Entering edit mode
16 days ago
analyst
▴
60
I am building snpeff database for NCBI refseq genome. I dwnloaded genes.gtf genes.gff cds.fa protein.fa and sequences.fa from same ftp link.
But i got this error while running either of following command:
java -Xmx20g -jar snpEff.jar build -gff3 -v genome_v1
java -Xmx20g -jar snpEff.jar build -v genome_v1
FATAL ERROR: No CDS checked. This might be caused by differences in
FASTA file transcript IDs respect to database's transcript's IDs.
Transcript IDs from database (sample): 'XM_006431091.2'
'XM_024182252.1' 'XM_024182438.1' 'XM_024182439.1'
'XM_006429412.2' 'XM_024182149.1' 'XM_006430710.2'
'XM_024182060.1' 'XM_006428645.2' 'XM_006445612.2'
'XM_006445611.2' 'XM_006445615.2' 'XM_006430691.2'
'XM_006430692.2' 'XM_024182465.1' 'XM_006429470.2'
'XM_006429473.2' 'XM_006446606.2' 'XM_024182649.1'
'XM_006446610.2' 'XM_006428812.2' 'XM_006428813.2'
Transcript IDs from database (fasta file):
'lcl|NW_006263303.1_cds_XP_006452193.1_1970'
'lcl|NW_006262339.1_cds_XP_006440622.1_9102' '2_24440'
'lcl|NW_006262139.1_cds_XP_024038273.1_21673'
'lcl|NW_006262339.1_cds_XP_006442058.1_10476'
'lcl|NW_006262022.1_cds_XP_006423168.1_27795'
'lcl|NW_006263303.1_cds_XP_006451035.1_891'
'lcl|NW_006262688.1_cds_XP_006448013.1_5822'
'lcl|NW_006262339.1_cds_XP_006444052.1_12383'
'lcl|NW_006262339.1_cds_XP_006443503.1_11819'
'lcl|NW_006262688.1_cds_XP_024046435.1_3831'
'lcl|NW_006263303.1_cds_XP_024033779.1_2199'
'lcl|NW_006263303.1_cds_XP_006453434.1_3099'
'lcl|NW_006262274.1_cds_XP_024042020.1_15390' '2_6397'
'lcl|NW_006262274.1_cds_XP_024042047.1_15690'
'lcl|NW_006262688.1_cds_XP_006449794.1_7524'
'lcl|NW_006262339.1_cds_XP_006445476.2_13697'
'lcl|NW_006262201.1_cds_XP_006433744.1_19705'
'lcl|NW_006262688.1_cds_XP_006445695.1_3582'
'lcl|NW_006263303.1_cds_XP_006450104.1_40'
'lcl|NW_006262274.1_cds_XP_006439100.1_17079'
My question is why this error when we download files from same source same version? Is it because I am using NCBI refseq files ?

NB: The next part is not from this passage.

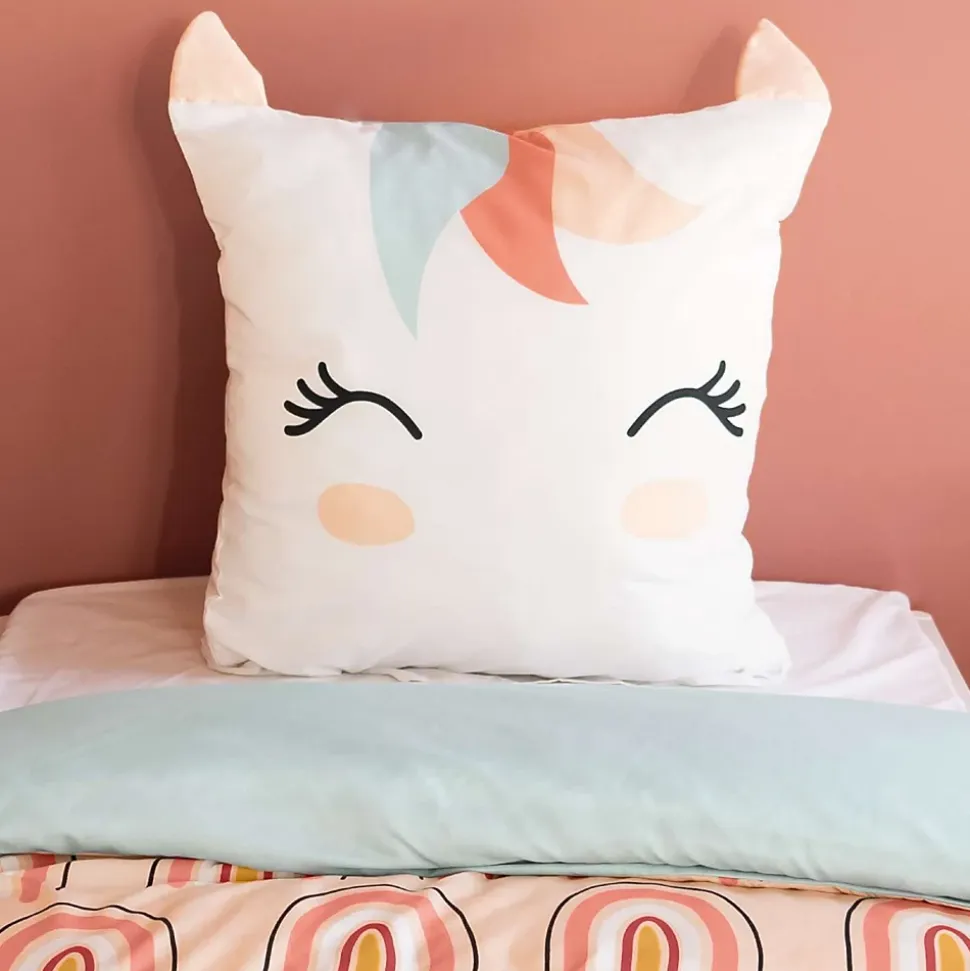 Cette parure associe un visage librement inspiré d’une licorne et un imprimé vitaminé parsemé d’arcs en ciel.FICHE TECHNIQUE- Parure comprenant une housse de couette et une taie d’oreiller- Matière : 100% polyester 72g/m²- Tissu certifié OEKO-TEX- Oreilles rembourrées- Avec pressions et passes-mains- Couleur : Multicolore- Convient parfaitement pour un lit 1 placeCARACTERISTIQUES TECHNIQUES- Dimensions de la housse de couette : L. 200 cm x l. 140 cm- Dimensions de la taie d’oreiller : L. 63 x l. 63 cm- Poids : 0,508 kg

Can you indicate which specific files you downloaded from that link?
I had a quick look and though it is feasible to change files (and specifically feature names) such that the files correspond to each other (eg. removing the part from the cds ID up to 1_ , before the cds part) I suggest to contact the NCBI staff and ask why these does not correspond and/or what files you need to get to have a nice linked set of IDs.
That is given that you did the snpEff part commands and config correctly. Perhaps you made a mix-up in the config setttings?
Is it safe to add -noCheckCds -noCheckProtein in the command or will it skip important information in the resultant database:
Running above command completed successfully with few warnings.
Your valuable suggestions please?
That certainly is an option indeed. What those checks will do is to check if the sequence they derive from parsing the GTF/GFF file is compliant with the info that is provided in the fasta file version for the CDS and protein. And likely flag them if they don't but they should not do anything otherwise
So if you are confident enough in the info from the GTF/GFF file you can indeed omit those checks.
I used -noCheckCds -noCheckProtein parameters because I was getting this error:
Please provide your suggestions should i used built-in database for annotation of my variants? I was building database because built in database is for old version and i used updated version of my genome for analysis
If the cmdline you mentioned above is working for you, then yes go ahead with that one!
If the version you are now using of your genome is quite different from the one in the DB you will be better off to build your own updated DB indeed, for instance if the genome and the corresponding gene annotation has had a major update you likely will have to build your own version (if the changes are only minor, you could get away with the old version I guess).
If you decide to go for the old built-in version I suggest you do all the pre-processing steps of your analysis again (eg. read mapping etc) using the same version as the one in the built-in DB.
Dear lieven i renamed the headers in my cds fasta file: now i don't get that CDS not found fatal error:
but still warning:
Is it okay to have that warning?
goh, if there are not too many of those it could be fine indeed.
however, I see that you nearly got 50% of 'Not found' ones, that sounds too many unfortunately.